It was like telling us approve it now or never."
Reporter: "He thought you were saying, approve it now or
never. Is that right?"
Dr. Barry: "I have no idea of what Dr. Brook thought."
Reporter: "Was that what you were saying?"
Dr. Barry: "No"
Reporter: "Then what were you saying?"
Dr. Barry: "That it was much better to approve it now than
later, for everyone. For the company and particularly for the patients."
Reporter: "So when you said, we would definitely prefer
not to continue and we look at this with great chagrin..."
Dr. Barry: "Yes..."
Reporter: "...that wasn't in any sense putting pressure
on the committee to approve now."
Dr. Barry: "Of course I wanted pressure on the committee
to approve now, that was not a threat, when I said we definitely prefer
not to continue the program if the FDA and its committee had said, well
though Dr. Barry you'll have to do it, we'd have done it."

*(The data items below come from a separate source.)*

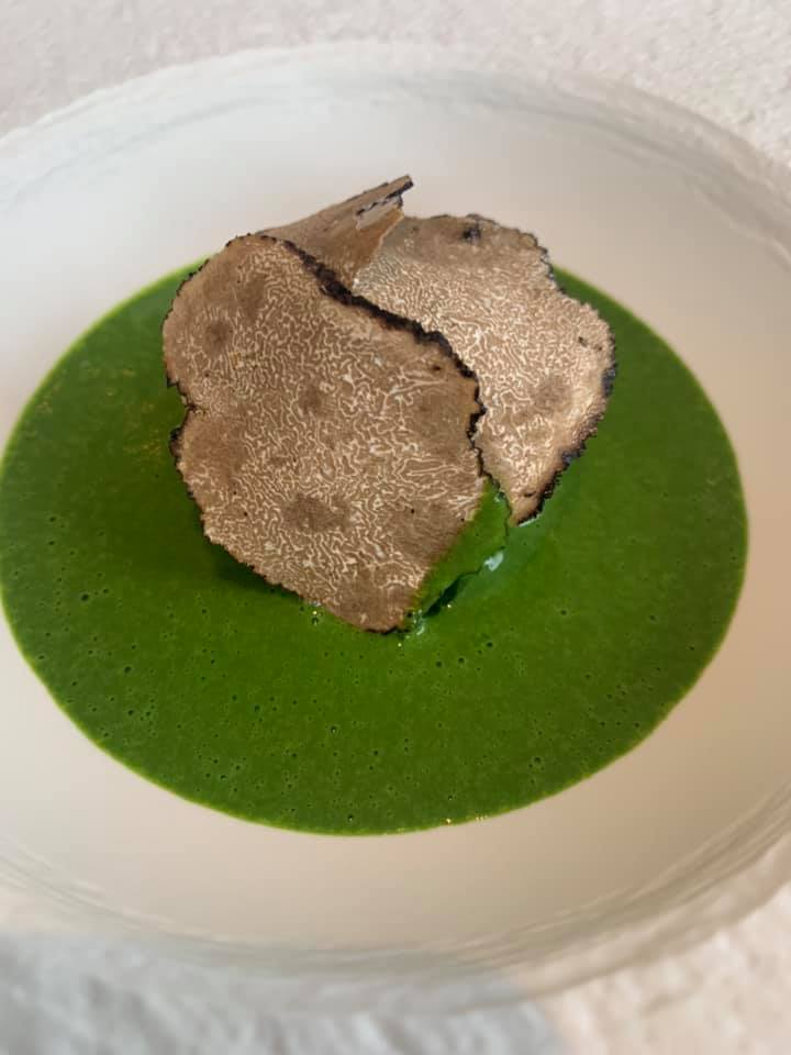 Gennaro Esposito – vellutata di spinaci con uovo in tempura e tartufo
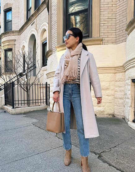 Start with a simple base: straight leg jeans and a medium weight knit. Add a long wool or wool blend coat in camel, grey, navy or black.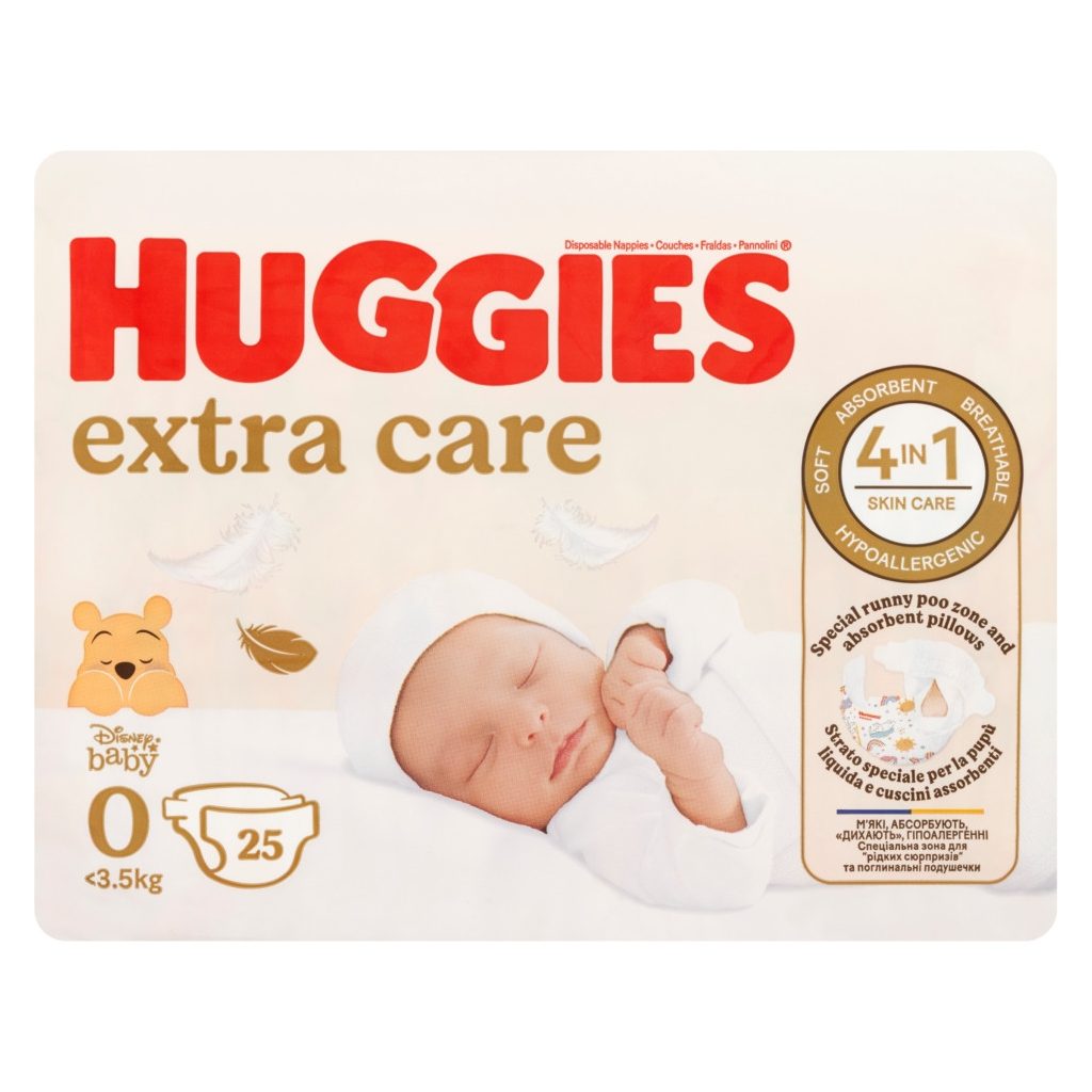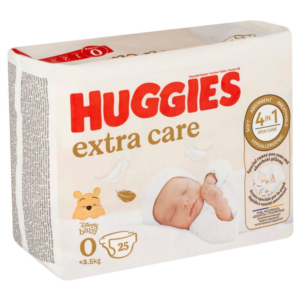 Huggies Extra Care pelenka, 0-4 kg, 25 db + ajándék Baba az autóban matrica leírása

Reporter: "But you were consciously putting pressure on
the committee for a quick approval?"
Dr. Barry: "Yes, of course."
It worked. The drug was approved with only the Chairman voting against.

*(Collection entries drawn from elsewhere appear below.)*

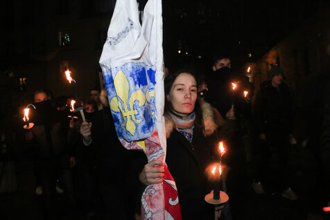France, 2023-01-07. The march organized by Paris Fierte in tribute to Sainte-Genevieve finally took place even though it was initially banned. Photograph by Quentin de Groeve / Hans Lucas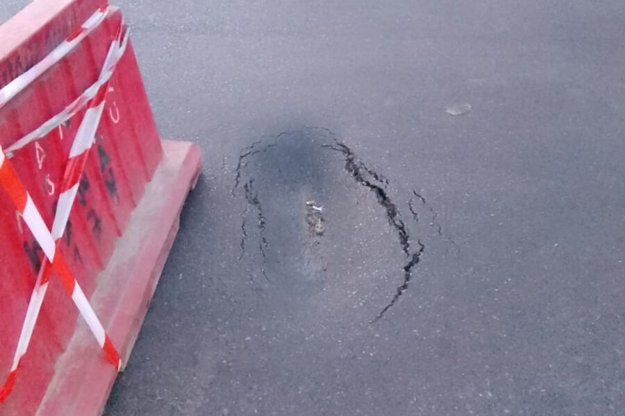 «В Калининграде на пересечении ул. Л. Шевцовой 1в и ул. У.Громовой произошел прогиб асфальтового покрытия. Во избежание аварийных ситуаций уже вчера установлено временное ограждение. Проверяем сети на возможные утечки», — указано в сообщении.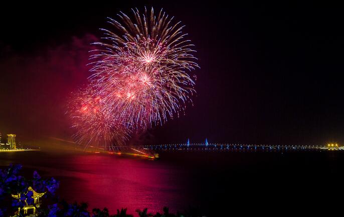 絢爛焰火照耀下的港珠澳大橋格外美麗。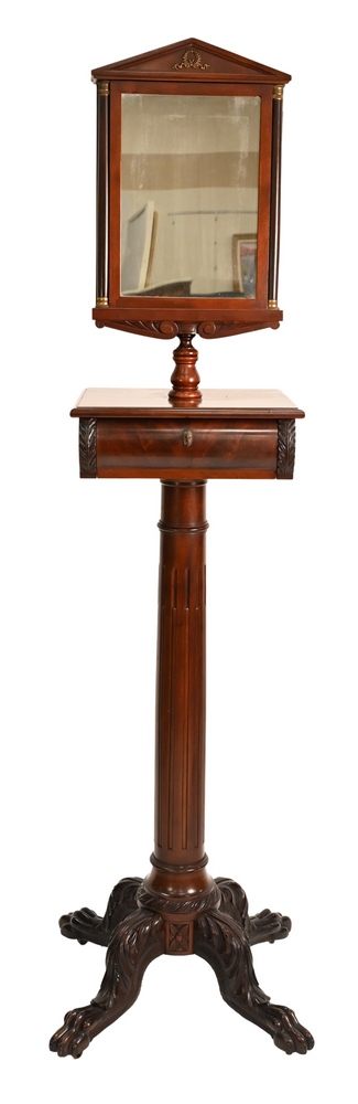 Ernest Hagen Custom Mahogany Shaving Mirror, having opening mirror to reveal three surround mirrors revolving to magnified mirror over one drawer, on fluted shaft set on carved claw feet, top adjusts with separate shaft, signed, height 72 – 74 1/2 inches, with paper label under drawer: Ernest Hagen Furniture Antiques, New York. Provenance: Sold to Dr. W.B. James, Cold Harbor, Long Island, May 1900.

Wellcome promoted the drug to doctors under its trade name, Retrovir.
Woman Promoter: "Retrovir is a major step forward. Our first
weapon against this deathly virus. However, its only the beginning - a
ray of hope for us all."
The company says it was hurrying to get help to patients. Wellcome set
the initial cost of a year's supply of its ray of hope at ten thousand
dollars. Its shares were already rising - after the approval hearing their
price more than doubled.
Once Wellcome could sell AZT in 1987 its potential market across the
United States and worldwide was perhaps a hundred thousand people living
with AIDS. But just over the horizon was a much bigger prospect - millions
of people infected with the virus but with no symptoms. If they could take
AZT, it could become one of the great pharmaceutical jackpots - an expensive
drug sold year after year to people who aren't ill.
People infected with HIV could expect to live for years before developing
AIDS illnesses. So for them fears of AZT's long term dangers were important
- they might take the drug for years. And some patients in the early trials
of AZT found its side effects appalling.
Keith Kroebbel: "I think that AIDS drugs are not like what
we're accustomed to thinking of as medicine. We think of antibiotics. AIDS
drugs are chemotherapy, nasty nasty stuff, it really hurts your constitution,
you've got your bone marrow cause the anaemia."

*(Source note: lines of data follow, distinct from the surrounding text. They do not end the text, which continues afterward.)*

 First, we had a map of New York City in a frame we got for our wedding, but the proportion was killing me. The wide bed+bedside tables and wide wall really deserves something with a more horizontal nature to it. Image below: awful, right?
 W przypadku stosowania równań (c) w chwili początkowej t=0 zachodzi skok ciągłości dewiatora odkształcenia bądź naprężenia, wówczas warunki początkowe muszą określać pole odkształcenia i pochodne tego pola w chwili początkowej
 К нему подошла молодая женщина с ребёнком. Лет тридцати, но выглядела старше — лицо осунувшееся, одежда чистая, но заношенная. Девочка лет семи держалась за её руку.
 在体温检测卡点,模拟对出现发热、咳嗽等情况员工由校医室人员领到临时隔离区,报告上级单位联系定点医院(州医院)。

Randy Vielbig: "I also received two transfusions, two of
the AZT, I have AZT related anaemia to this day even though I'm on a low
dose of AZT at this time."
Reporter: "What did you feel?"
Kroebbel: "As if I had been poisoned. Very very seasick,
it wasn't a throwing up kind of nausea, it was a seasickness that was in
my bones. And headaches, inability to concentrate or respond."
Reporter: "How long did you stay on AZT?"
Kroebbel: "I was on it I think just about exactly 18 months."
Reporter: "And what happened when you stopped?"
Kroebbel: "I felt great. I felt so much better, that's when
I stopped because I was going on vacation."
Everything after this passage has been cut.